Cube root of a complex number

Question

I'm reading Linear Algebra Done Right by Sheldon Axler. In Chapter $1$, Exercise $A$, #2, it states:

Show that $(-1 + \sqrt{3i})/2$ is a cube root of $1$.

The solution on linearalgebras.com shows the following solution here, at number 2.

It states that $(-1 + \sqrt{3i})/2$ squared is $(-1 - \sqrt{3i})/2$. I can understand the rest of the solution but I don't know how they got past the first step. I even squared the above value in an on-line calculator and it gave me a different value. Where am I going wrong?

Answer 1

The $i$ should not be inside the square root.

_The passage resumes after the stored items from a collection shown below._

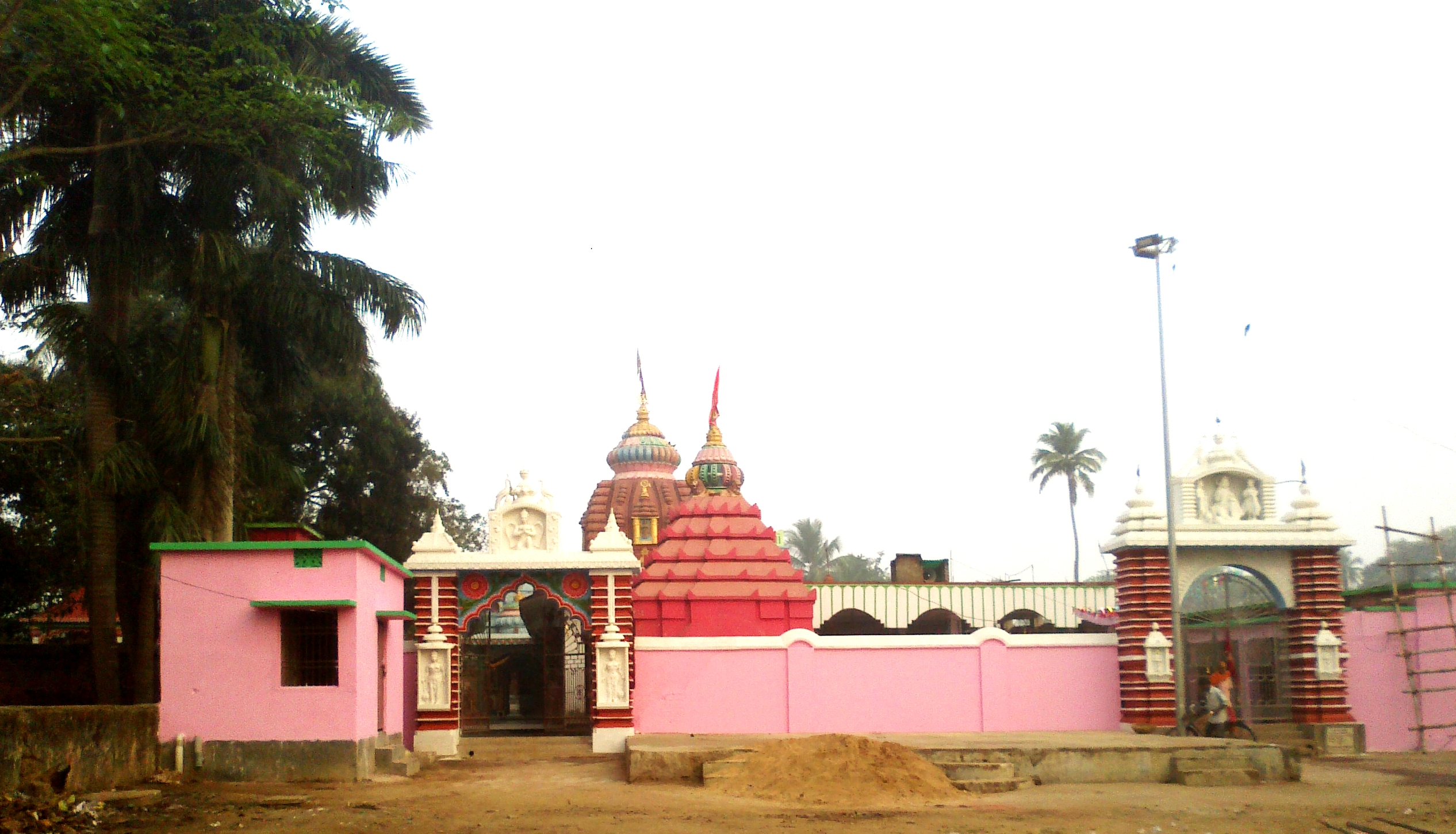 Shreeram Temple in Pattamundai Daily Market
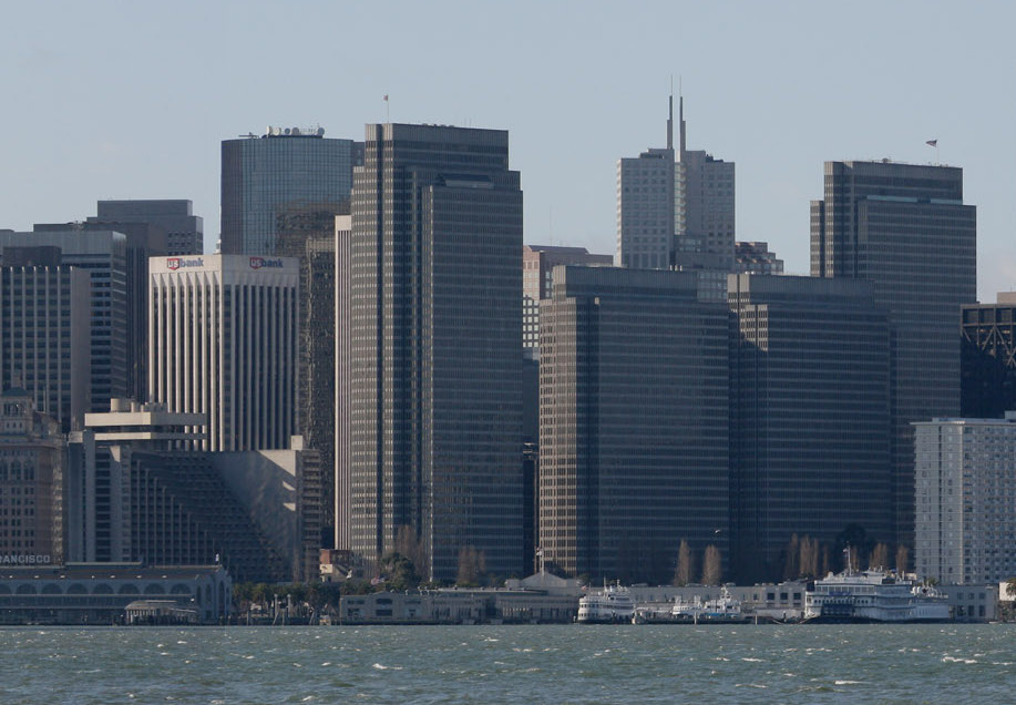 The Embarcadero Center from Treasure Island
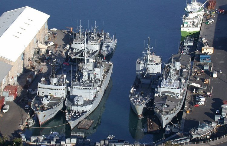 The French Navy has a flottilla based in Réunion, comprising (from left to right on the photo): (front row) the southern patrol ship Albatros (P681), the frigate Floréal (F730), the light landing ship La Grandière (L9034) and the light repair ship Garonne (A617); (second row) P400-class patrol vessels La Rieuse (P690) and La Boudeuse (P683), the Gendarmerie Navale coastal patrol boat Jonquille (P721), and the naval oiler CIGH22; (out of water) the coastal patrol motor launch Vétiver (P790).
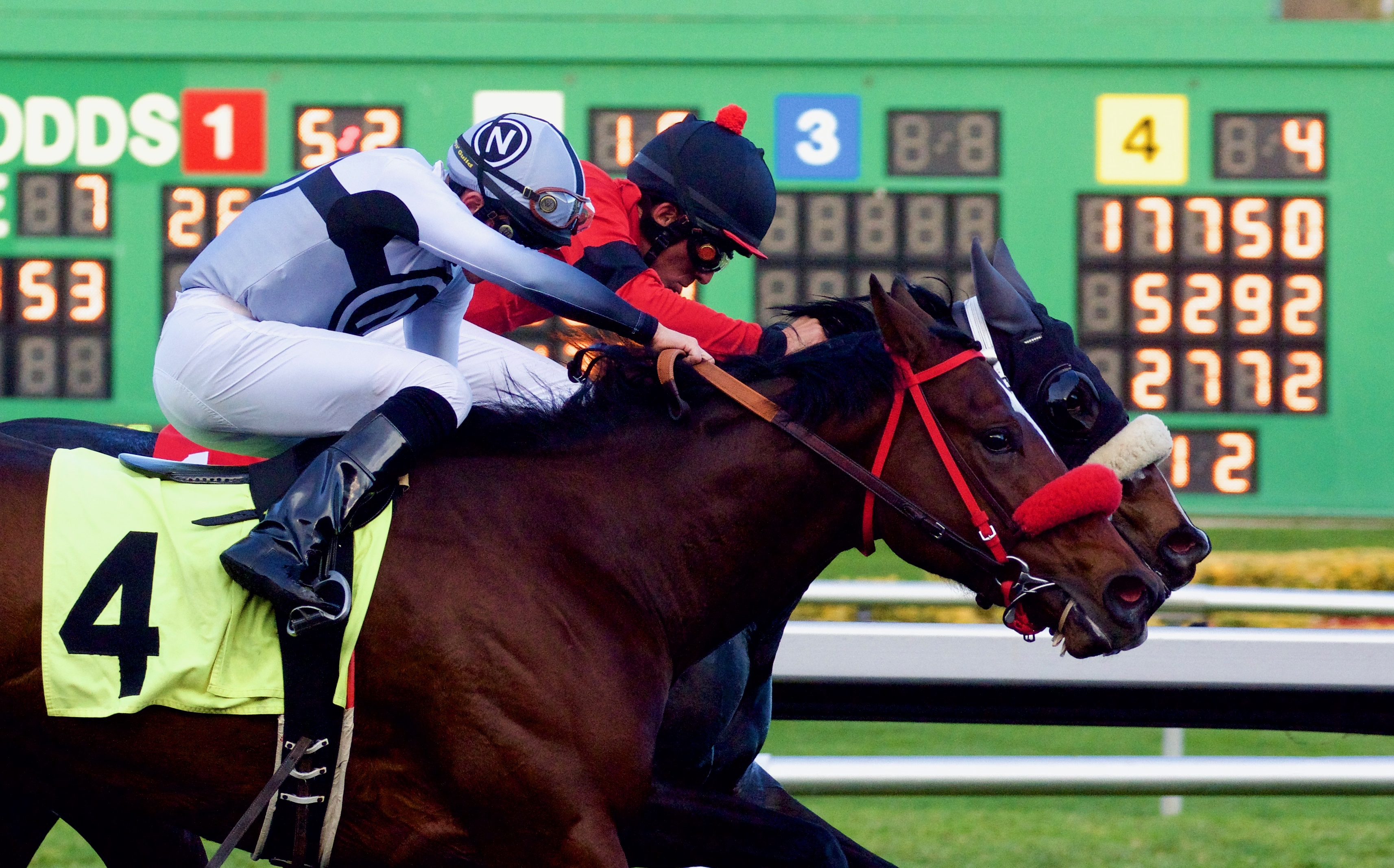 Horse racing at Golden Gate Fields, Albany, California. Race 7, 5.5 furlongs. Finish was a dead heat. Winner: #1 Blue Chip Betty Place: #4 Team Hollywood Show: #2 Office Chicks Also ran: Pulpitinthesky, Stormy Too, Silken Queen, Lucky Antares, Windward Storm, and Miss Gunny 26 December 2017

It should be $$\left(\frac{-1+\sqrt3 \,i}{2}\right)^{\!2}=\frac{-1-\sqrt3 \,i}{2}$$

rather than

$$\left(\frac{-1+\sqrt{3 i}}{2}\right)^{\!2}=\frac{-1-\sqrt{3 i}}{2}$$

It might be easier to understand it as $$\exp \left(\frac{2\pi i}3 \right)^{\!2}=\exp \left(\frac{4\pi i}3 \right)$$

Answer 2

Consider equation:

$x^3-1=0$

$$x^3-1=(x-1)(x^2+x+1)=0$$

$$x^2+x+1=0$$

$$x=\frac{-1±\sqrt {1-4}}{2}=\frac{-1±\sqrt 3 i}{2}$$